“Can we describe this entire distribution with just 2 numbers?”
So far we have described distributions empirically — we plot the actual data. Empirical descriptions are specific to this sample. If we collect new data, the histogram shifts slightly.
A parametric model says: “this data comes from a known family of distributions, characterised by a small number of parameters.” If the model fits well, we can:
Describe the distribution in 2–3 numbers instead of thousands
Generate synthetic data
Compute probabilities analytically
Compare datasets on the same scale
19.2 The exponential distribution
When it appears: waiting times between events, inter-arrival times, survival times.
f(x; \lambda) \;=\; \lambda e^{-\lambda x}, \qquad x \geq 0
Parameters: one — the rate \lambda (events per unit time), or equivalently the mean \mu = 1/\lambda.
Key property: memoryless. The probability of waiting another t minutes is the same regardless of how long you’ve already waited.

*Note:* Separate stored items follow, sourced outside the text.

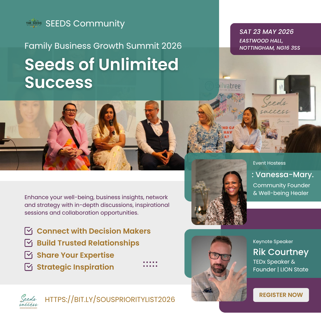 At the Seeds of Unlimited Success, Family Business Growth Summit, you’ll connect with like-minded leaders, gain practical insights from respected speakers, and step into a supportive community built to help your family business thrive.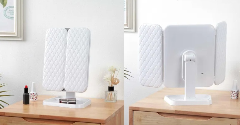 - 🌈 Con nuestro espejotriple con luz LED vas a decir: ‘¡wow!’ cada vez que te mires.Luz ideal, ángulo perfecto, y una sensación de que estás en un set de grabación de belleza. 🎬✨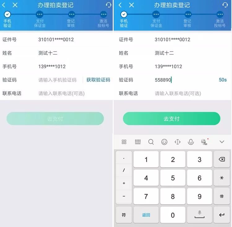 确认信息(证件号、姓名、手机号码),并点击【获取验证码】,并在规定时间内填写验证码,点击【去支付】。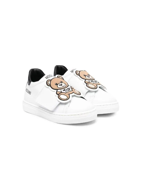 Languette à logo imprimé, bout rond, fermeture scratch sur le devant, semelle intérieure à logo, semelle plate en caoutchouc.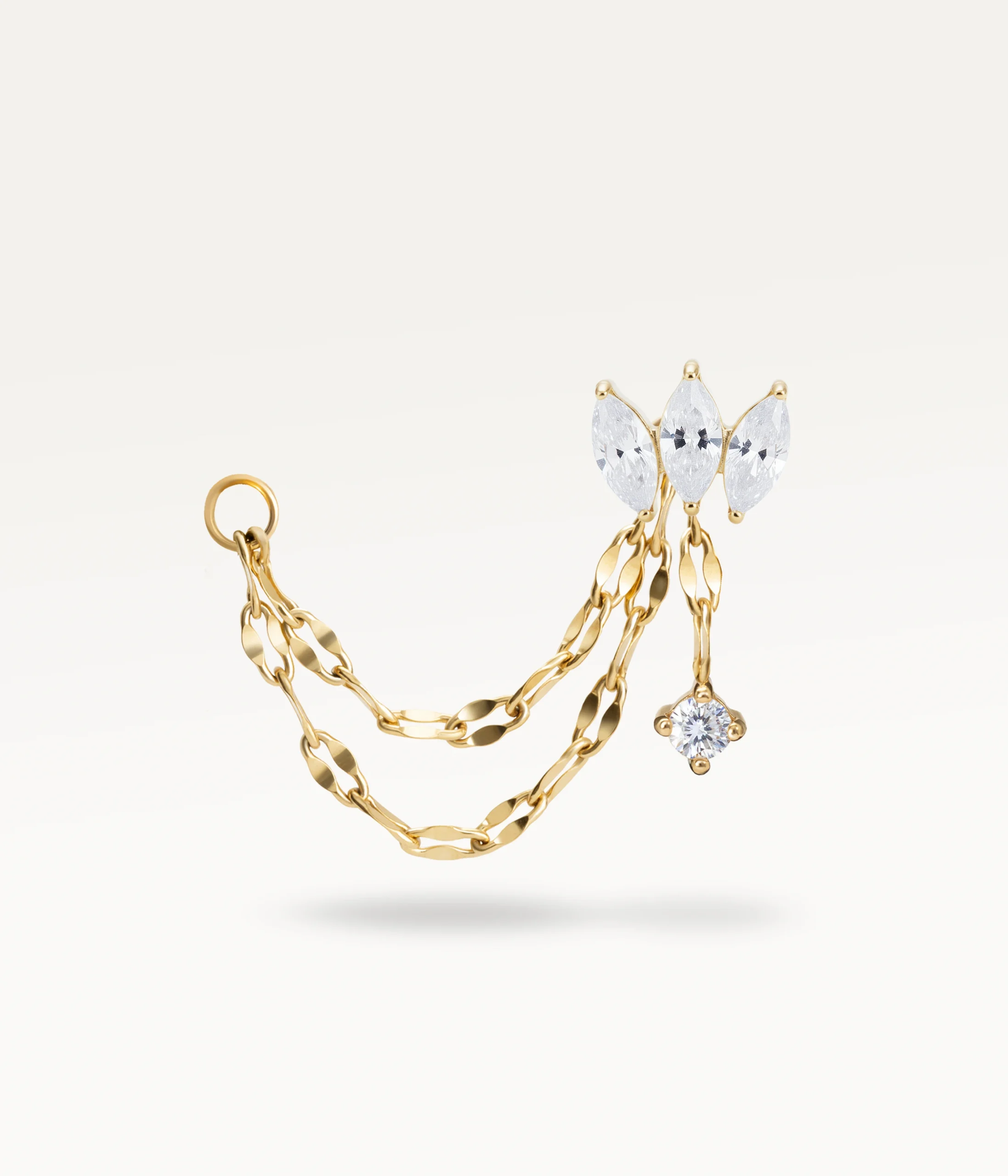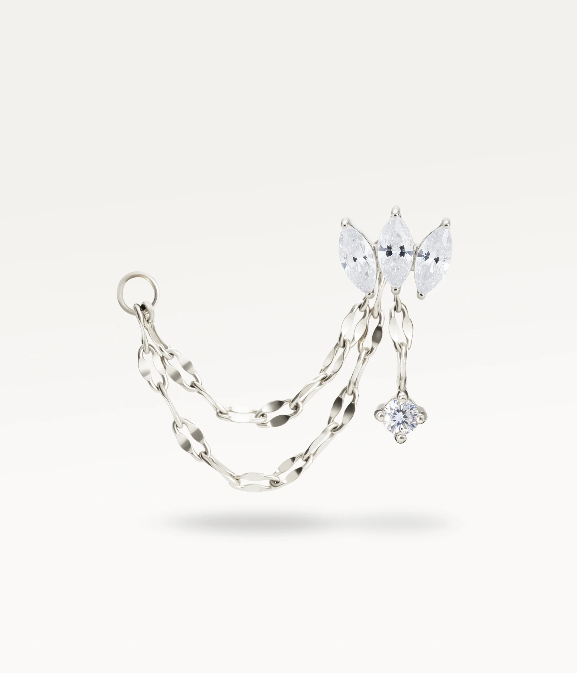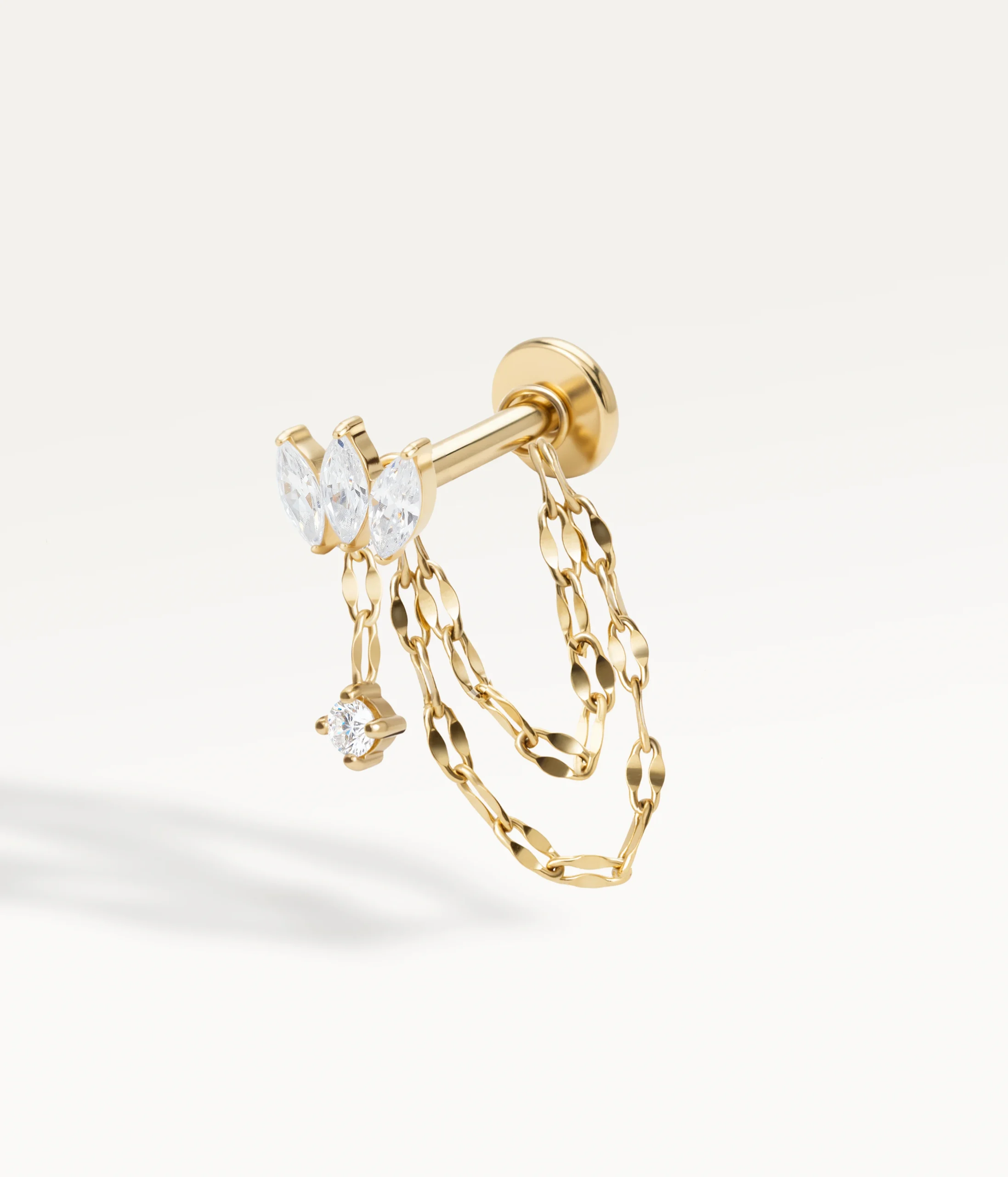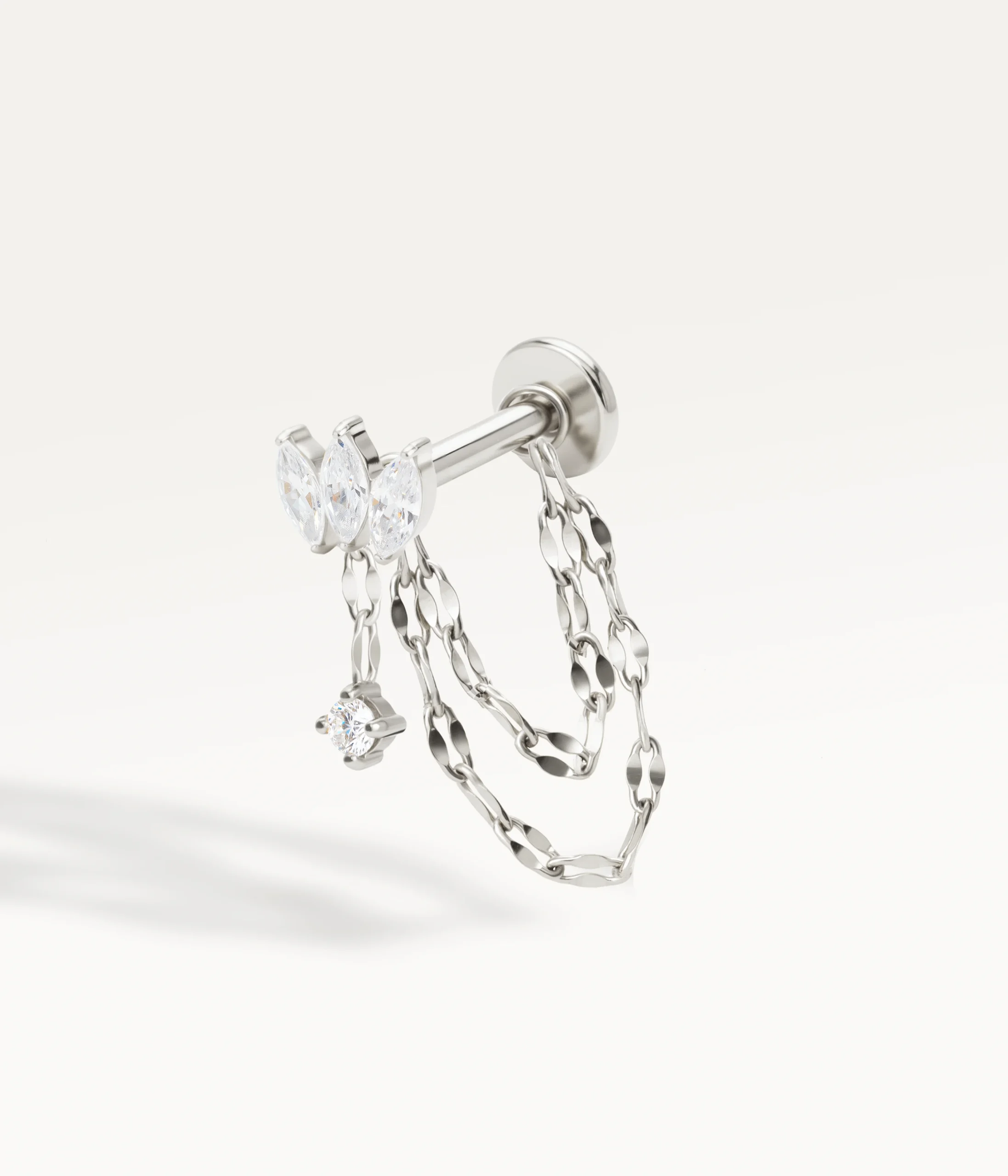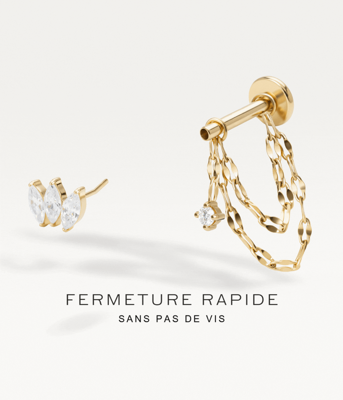 Loé est un stud avec une chaîne de 22 mm, ce qui le rend idéal pour créer une composition lumineuse et raffinée sans excès. Sa longueur limite son usage aux zones où la chaîne peut tomber naturellement.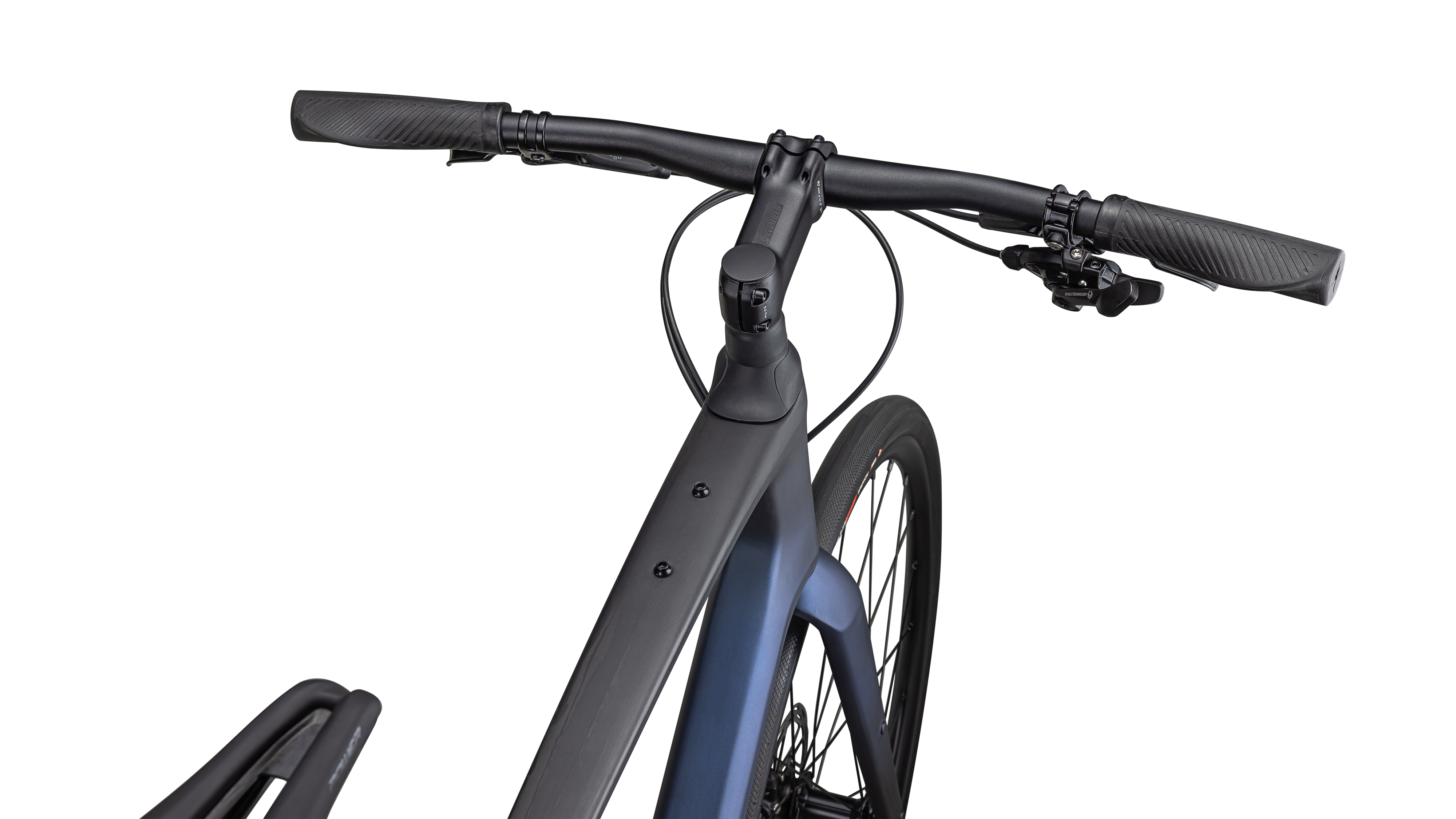 Future Shock 1.5, Specialized’s unique suspension design, is placed inside the headtube to prevent harsh frequencies caused by bumps in the road from reaching the handlebars.

TipDetecting exponential shape
If X \sim \text{Exponential}(\lambda), then on a log-y axis the complementary CDF becomes a straight line:
\ln(1 - F(x)) \;=\; -\lambda x
If the complementary CDF looks linear on a log scale, the data is exponential.
19.3 The normal distribution
The most famous distribution in statistics. Also called Gaussian.
Parameters: mean \mu and standard deviation \sigma.
Bell shape, symmetric, with the 68–95–99.7 rule:
68 % of data within 1\sigma of the mean
95 % within 2\sigma
99.7 % within 3\sigma
In NSFG: birth weight is approximately normal. Many measurement errors are normal (by the Central Limit Theorem).
19.3.1 Normal probability plot
Plot the data against what you’d expect if it were perfectly normal:
Sort your data x_1 \leq x_2 \leq \ldots \leq x_n
Compute the expected normal quantiles q_i = \Phi^{-1}(i/n)
Plot x_i vs q_i
If the data is normal, the plot is a straight line. Curves indicate skew or heavy tails.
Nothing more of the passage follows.